Good Crawling Scripts

mgifford · January 23, 2017, 10:29am

The Canadian Government has to post their spending data in a format like this.

This isn’t like a nice machine parse-able format. Someone must have published a script to take pages like this and aggregate it into a CSV or JSON file.

kmikolajczyk · January 26, 2017, 7:27am

It’s rather list of contracts then list of spendings (however: contracts are spendings)

Cristiano_Longo · January 28, 2017, 12:23pm

It is quite Easy to build a scraper ti convert the web page intorno a csv or other structured format, we do a simulare operativo for the advoce board of italian public administratins(see albopop.it) The corretta output format for the information you are mentioning is the w3c approved public contracts vocabulary.

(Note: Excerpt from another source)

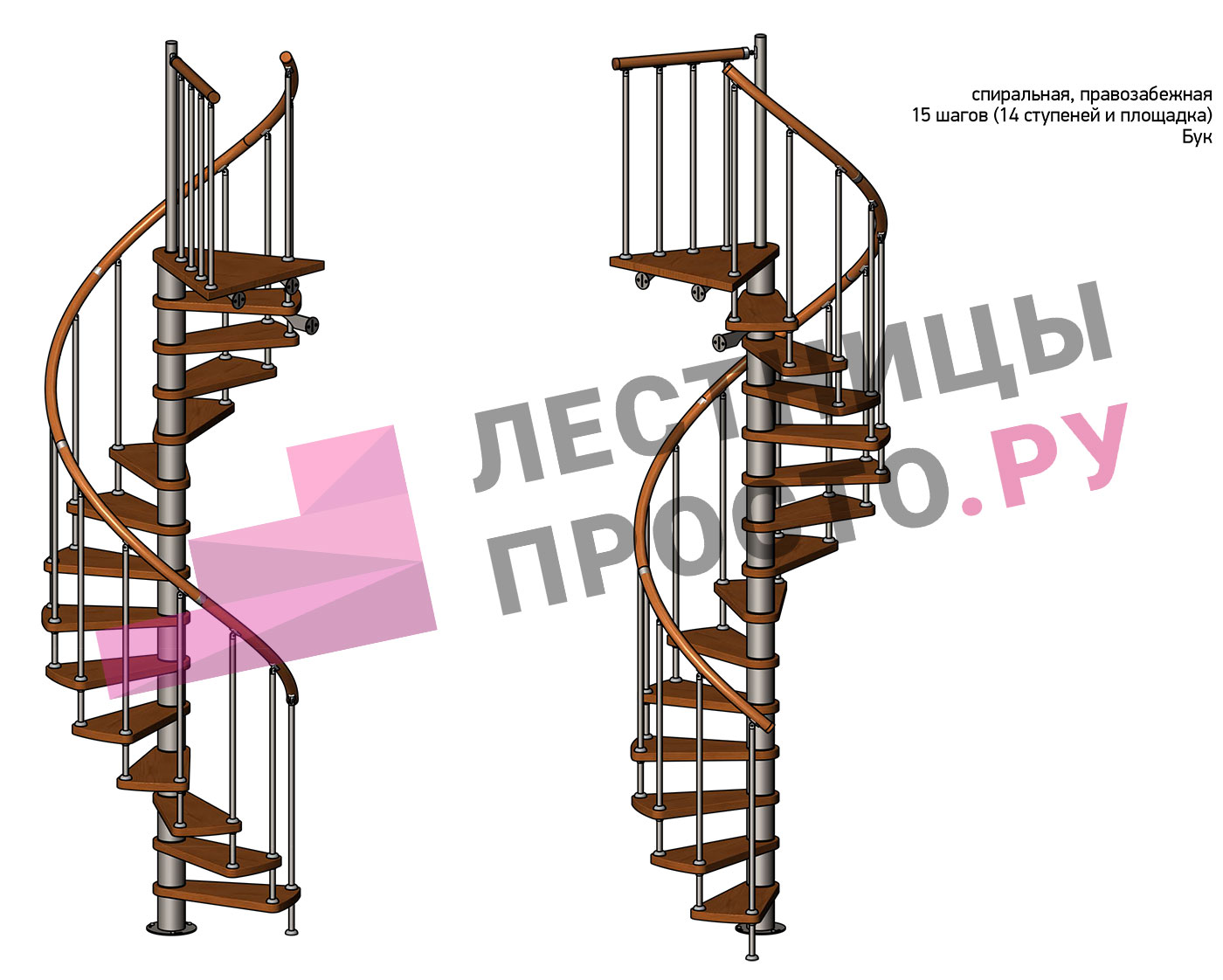 Винтовая лестница Prosto Spiral Black D120см, h325.7-369.8 см, бук

However It would be a cheaper and more correct aproach asking the administration itself to publish this data in a macchine readable form

mgifford · January 28, 2017, 1:30pm

Currently we are looking at BeautifulSoup to pull in the data. Although we’re written a script in PHP too.

ryan · January 28, 2017, 2:40pm

Can it be written in R? I have one here that works… if you have R installed. You might have to change the last line where it sets the location to your desktop : “~/desktop”. If you want it somewhere else or get an error, you have to change that line to the path name of the place in your computer where you want to save it.
install.packages(“rvest”)
library(rvest)
url = “2015-2016 - 4th Quarter (January to March) - Disclosure of Contracts - Proactive Disclosure - PWGSC”
canadian_contracts ← read_html(url) %>%
html_nodes(“.wet-boew-zebra”) %>%
html_table()
write.csv(canadian_contracts, “~/desktop”)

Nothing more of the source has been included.